Rakhine State Hluttaw MP U Tun Thar Sein (ANP, Mrauk-U-1), said the UEC should make a clear statement about whether IDPs are eligible to vote by using either a Form 3(a) or Form 15.

“Another problem is that the election commission officers even didn’t even go to the camps to display the voter list,” he said.

Neither Tin Hlaing nor the UEC could be reached for comment about use of Form 3(a) or Form 15 to enable IDPs to vote.

Pyithu Hluttaw MP U Aung Thaung Shwe, who won the seat of Buthidaung for the ANP but is contesting as an independent this year, said the election commission’s apparent failure to ensure eligible IDPs are able to vote could damage the fairness of the election.

Fighting has emptied 11 villages in Buthidaung and all of their inhabitants are now IDPs, he said. Registered IDP camps in Buthidaung house more than 9,000 people, but another 20,000 displaced people are living at other locations.
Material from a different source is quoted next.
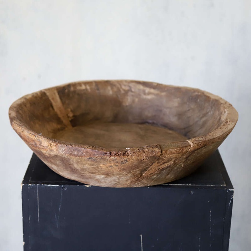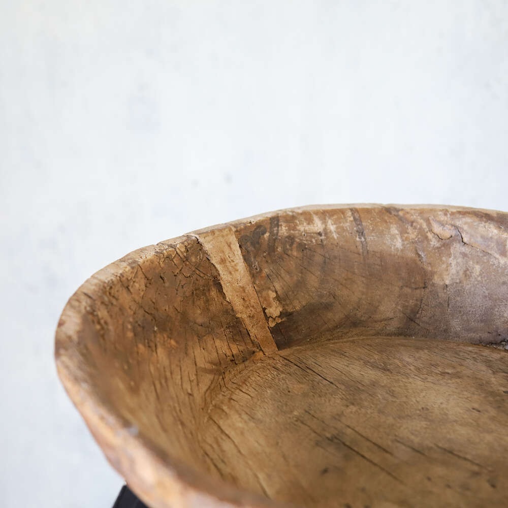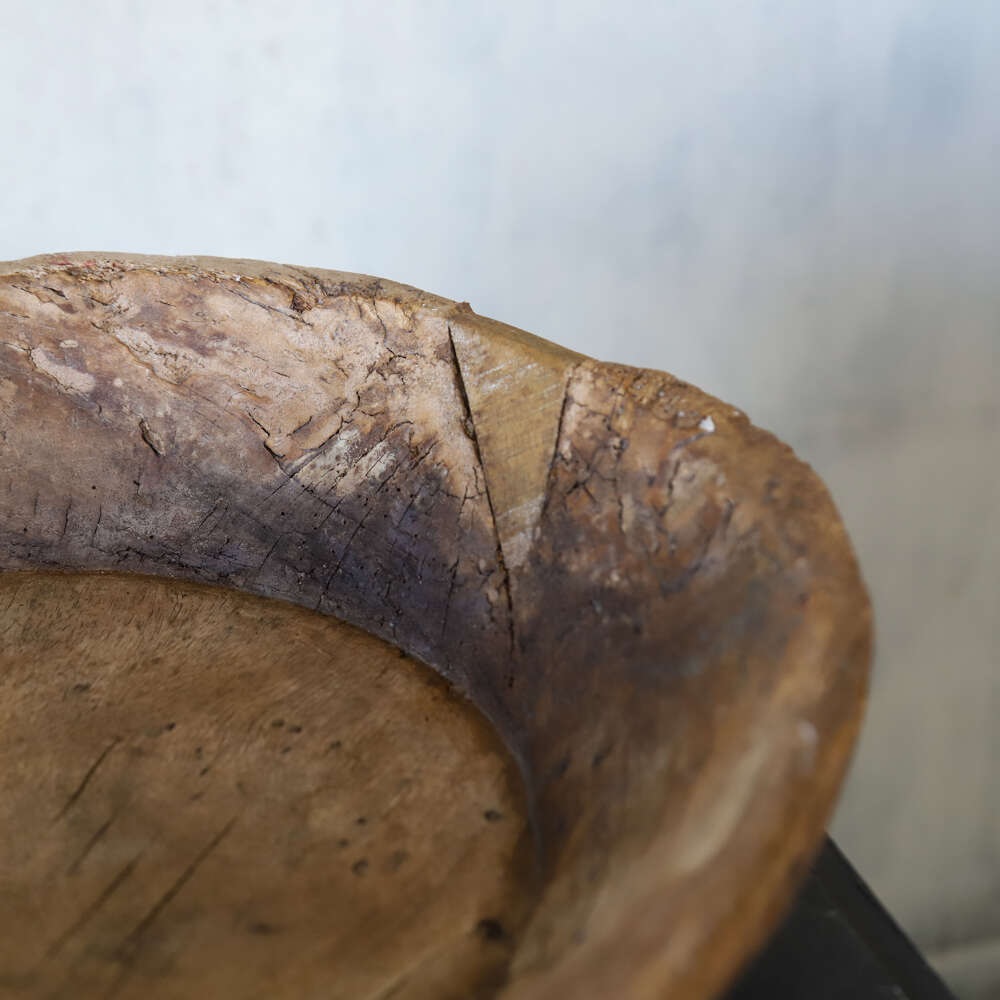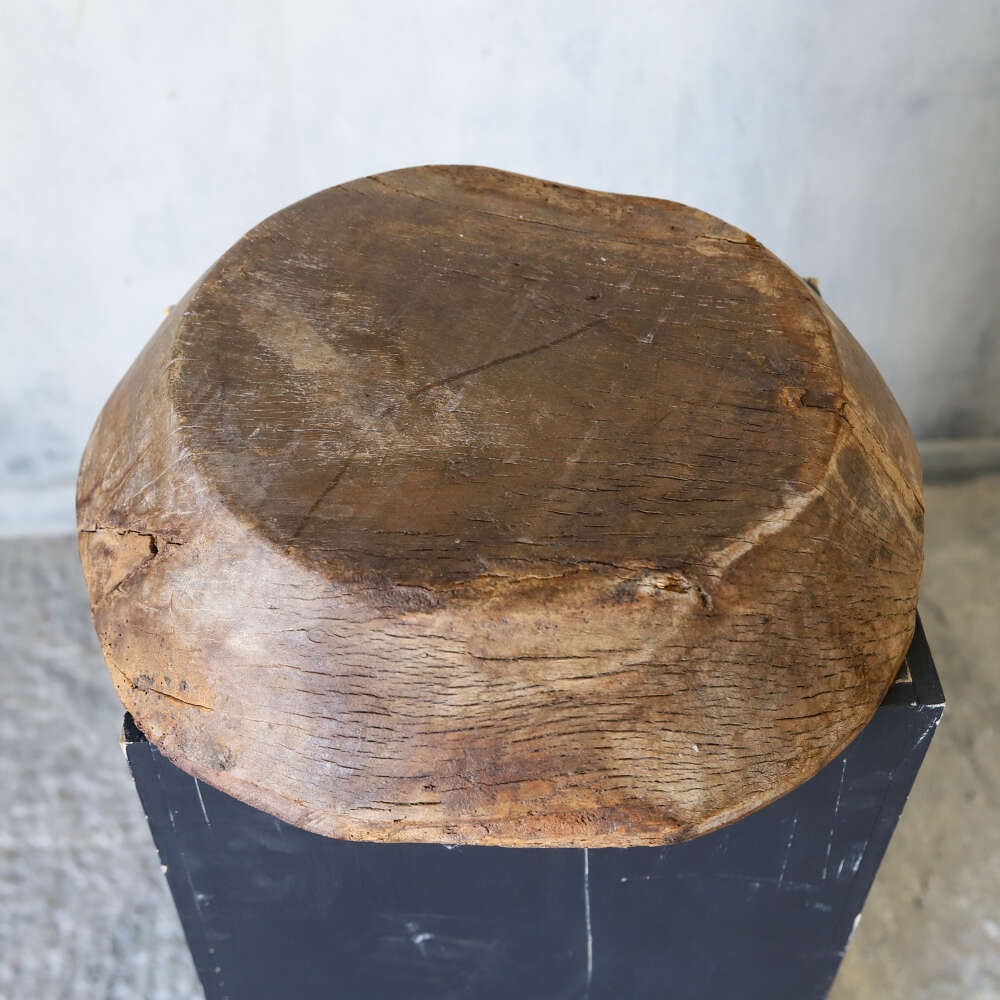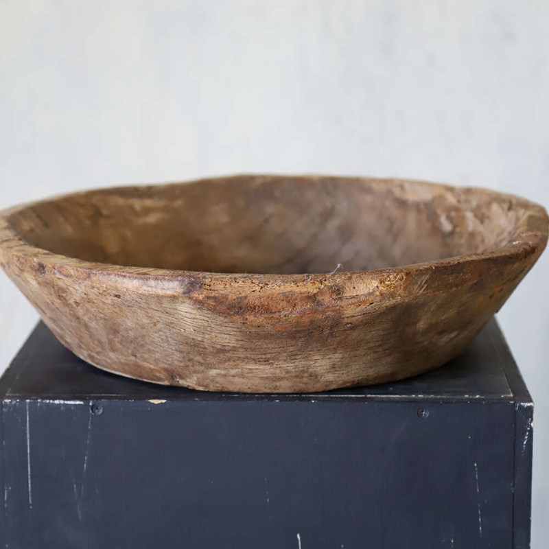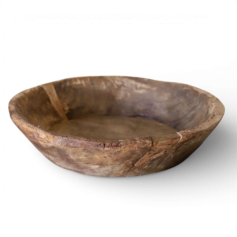 A wonderfully rustic small French dough or proving bowl, hand‑carved from sycamore and full of the warmth and character that only genuine antique kitchenware carries. The bowl shows historic patch repairs, adding to its authenticity and charm — the kind of honest, working‑life detail that makes these pieces so appealing.

If they can’t vote, it could affect the outcome on November 8. In 2015, Buthidaung had just 36,000 eligible voters because the vast majority of its residents were Rohingya, who are mostly ineligible to vote. Aung Thaung Shwe won narrowly over his Union Solidarity and Development Party rival, with 45.5pc of the vote compared to 39.7pc.

“IDPs are Rakhine so they vote for ethnic Rakhine parties. Now it’s not clear whether they’ll be able to vote, but on the other hand military families are able to vote easily,” he said.

As elsewhere in Myanmar, Tatmadaw soldiers and their familiars voted en masse for the USDP in 2015 and are expected to largely do so again in November, despite a reform that has mandated polling stations be moved from cantonments to civilian areas. Like other parts of northern Rakhine, Buthidaung has in recent years seen a considerable build-up of troops from the Tatmadaw and Border Guard Police, skewing the demographics of the area.

However, many IDPs seem less concerned about losing their right to vote than lawmakers and civil society groups. Many, like U Tun Thein Maung, another resident of Baung Duk village who fled to Myothit monastery, seem indifferent about voting. Many other IDPs in the monastery echoed his lack of enthusiasm, saying that all they wanted was for their political leaders to help them return home.

“If we have the chance to vote, it will make no difference to us,” Tun Thein Maung told Frontier from the bamboo shack that he has been forced to call home for the past 18 months. “We will still be IDPs who have had to run away from our homes.”